The research team has discovered the reasons for the discrepancies. “The obsidian hydration dating theory was that you could cut thin sections of the tools and measure the width of the hydration rim accurately with an optical microscope,” says Anovitz. “We suspected there were problems both with the method of measuring rim width, which assumes that the interface between the rim and unhydrated core is sharply defined, and with the simple diffusion equations that were used to model how the rim grows with time. Diffusion alters the glass, making things complicated.
“With an optical microscope”, Anovitz continues, “you see a little white line, which was assumed to be the boundary between hydration and nonhydration. We found that the white line was a Becke line, typical of a boundary between two different materials. Becke lines appear to move as function of microscope focus, and this leads to large errors.”
Riciputi, Anovitz, Elam and Cole, backed by DOE Basic Energy Sciences and National Science Foundation funding, applied SIMS to the problem. “Our big advantage is in instrumentation,” says Riciputi. “With SIMS, you slowly sputter into the obsidian sample with an ion beam and measure how the composition changes as a function of depth. It offers a precise way of measuring the distribution of the hydrogen and the depth of penetration.”

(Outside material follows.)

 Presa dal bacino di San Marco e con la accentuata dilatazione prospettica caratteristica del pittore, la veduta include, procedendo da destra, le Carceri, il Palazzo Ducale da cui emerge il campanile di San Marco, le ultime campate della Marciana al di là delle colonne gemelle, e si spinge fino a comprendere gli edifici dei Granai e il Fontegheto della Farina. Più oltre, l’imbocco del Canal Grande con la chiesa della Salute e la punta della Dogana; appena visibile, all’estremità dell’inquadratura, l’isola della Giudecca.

Taking the new technique into the field, however, presents a number of problems. Environmental variables such as temperature and humidity affect the rate of water absorption into the glass, and controls present in laboratory experiments aren’t available at most archaeological sites. Not knowing local climatic and environmental conditions, and how they changed over hundreds or thousands of years, was one of the major limiting problems of the traditional hydration dating method.

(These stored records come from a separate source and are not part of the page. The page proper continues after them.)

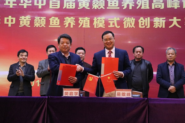 樊启学与大北农神爽水产科技集团总裁签订技术合作协议 副董事长姚江林致欢迎辞 桂建芳院士致辞 3月9日上午,“华中首届黄颡鱼养殖高峰论坛”在国交一楼报告厅举行。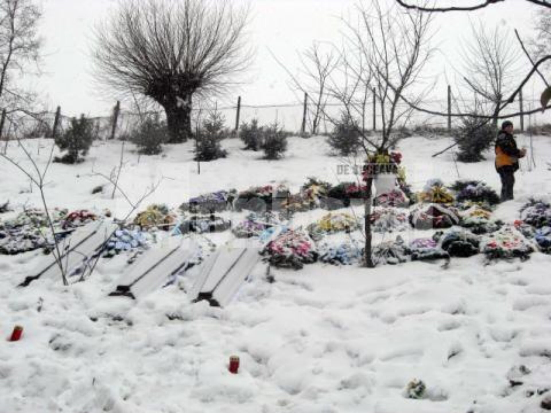 Sute de credincioși, sub lacrimile cerului de decembrie, o infinitate de fulgi de zăpadă, i-au condus pe ultimul drum, într-o tăcere apăsătoare.
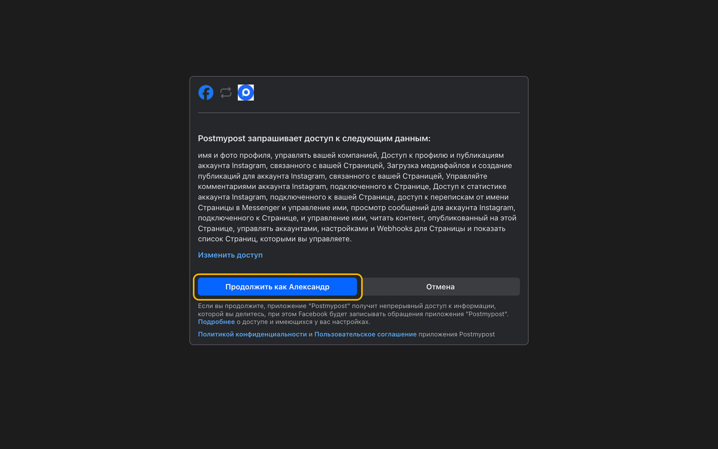 - Instagram-ды Postmypost-қа ресми қосу терезесі ашылады, онда Postmypost жұмысына қажетті нақты деректер мен құқықтар көрсетіледі. Қолжетімдіктің ұсынылуына келісетініңізді тексеріп, «Жалғастыру» батырмасын басыңыз.

The ORNL-UT team’s approach to the problem is to make two types of measurements: one on samples hydrated under precisely controlled experimental conditions and the other on obsidian artifacts found near and probably associated with materials, typically charcoal, that provide carbon-14 dates.
Collaborating with the Mexican National Institute of Anthropology and History, the group collected obsidian artifacts from a number of sites and research facilities. They focused on artifacts made from pachuca, a distinctive green obsidian that was mined from an extinct volcano called Sierra de las Navajas (“Mountain of the Knives”). Pachuca was highly prized and widely traded and, therefore, is abundant in much of Mexico and Central America.
The ORNL group has initially found that ODDSIMS estimates line up well with obsidian artifacts that have been dated with some confidence. “Preliminary findings have been very predictable and regular on samples from the Mexican Basin that have good C-14 dates; extremely good agreement with SIMS,” says Riciputi. “It means back to square one on a lot of dating interpretations.”
UT’s Elam adds, “Some established chronological systems may go out the window if the ODDSIMS method continues to provide consistent and reproducible results.”
Riciputi believes interest in their research will go beyond archaeologists who want to know whether their artifacts are 5,000 or 8,000 years old. “We’re learning that the mechanisms of hydration are very different than previously thought. Hydrogen appears to be moving into the glass without oxygen uptake, which is a surprise. We’re getting a better insight into how glass hydrates, and that’s potentially very important to materials science and geology as well as archaeology. “DOE is interested in the effects of hydration on glasses used for encasing waste. These glasses have compositions that are relatively similar to those of obsidian, and we can look at the processes by which industrial glasses deteriorate as well.”
An obsidian spearpoint
That’s a long technical leap from the prehistoric American hunched over a block of obsidian, flaking off spear points some 500 to 10,000 years ago. With more progress on the ODDSIMS dating technique, we may finally know exactly how long ago these ancient civilizations and cultures flourished.—B.C.